Got.λ - Gothenburg Functional Programming Meetup
A case study involving graphs
Johan Lodin, 2018-10-24
github.com/jolod
I have added comments to the original presentation. These are always marked with "Comment:" if inline, or as separate slides (such as this one).
The code snippets are written in PureScript which is deceptively similar to Haskell for records. The key differences for this presentation is that you need to spell out type variables using forall in PureScript, and that records look very similar but work slightly differently.
A directed graph consists of
- a set of vertices
- a set of pairs of vertices (edges)
Example:
newtype SetGraph a = SetGraph
{ vertices :: Set a
, edges :: Set (Tuple a a) }newtype MapGraph a = MapGraph (Map a (Set a))data Algebraic a
= Empty
| Vertex a
| Overlay (Algebraic a) (Algebraic a)
| Connect (Algebraic a) (Algebraic a)(Also matrix.)
Will use MapGraph for the rest of the slides. Something to be aware of is that the interpretation of MapGraph $ Map.insert "a" (Set.singleton "b") Map.empty contains two vertices and one edge.

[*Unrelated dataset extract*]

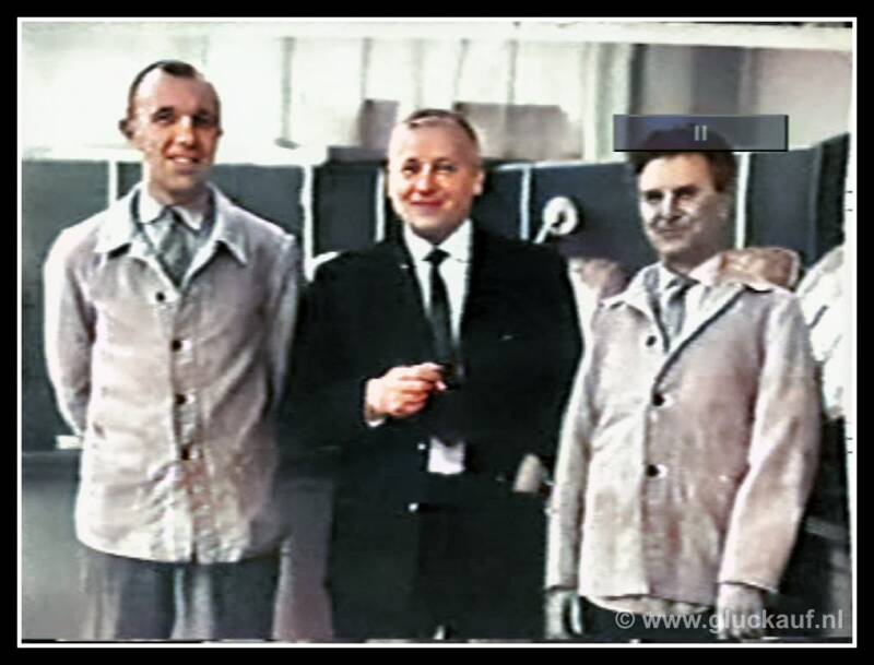 Portretfoto van de portiers van de voormalige Staatsmijn Emma. De foto is uit 1954-55. Ingekleurde foto.

That is, it is not sufficient to look at Map.keys to get all the vertices.
For an explanation of Algebraic, look at https://blogs.ncl.ac.uk/andreymokhov/an-algebra-of-graphs/.
Basic queries:
- vertex existence
- edge existence
- edges from/to
--
Basic modifications:
- add vertex
- add edge
- remove edge
- remove vertex (?)
--
Typical algorithms:
- reach from vertex
- shortest path
- transpose
- topological sorting (if acyclic)
--
Time complexity depends on data structure. I needed:
- Fast lookup of edges from a vertex (for e.g. reach).
- Fast reverse edge lookup (for e.g. topological sorting).
data DoubleMapGraph a = DoubleMapGraph {graph :: MapGraph a, transposed :: MapGraph a}--
empty :: forall a. DoubleMapGraph a
empty = DoubleMapGraph {graph: MapGraph.empty, transposed: MapGraph.empty}--
addVertex :: forall a. Ord a => a -> DoubleMapGraph a -> DoubleMapGraph a
addVertex vertex (DoubleMapGraph {graph, transposed}) = DoubleMapGraph
{ graph: MapGraph.addVertex vertex graph
, transposed: MapGraph.addVertex vertex transposed }--
addEdge :: forall a. Ord a => a -> a -> DoubleMapGraph a -> DoubleMapGraph a
addEdge from to (DoubleMapGraph {graph, transposed}) = DoubleMapGraph
{ graph: MapGraph.addEdge from to graph
, transposed: MapGraph.addEdge to from transposed }--
removeEdge :: forall a. Ord a => a -> a -> DoubleMapGraph a -> DoubleMapGraph a
removeEdge from to (DoubleMapGraph {graph, transposed}) = DoubleMapGraph
{ graph: MapGraph.removeEdge from to graph
, transposed: MapGraph.removeEdge to from transposed }You get the idea.
edgesFrom :: forall a. Ord a => a -> DoubleMapGraph a -> Maybe (Set a)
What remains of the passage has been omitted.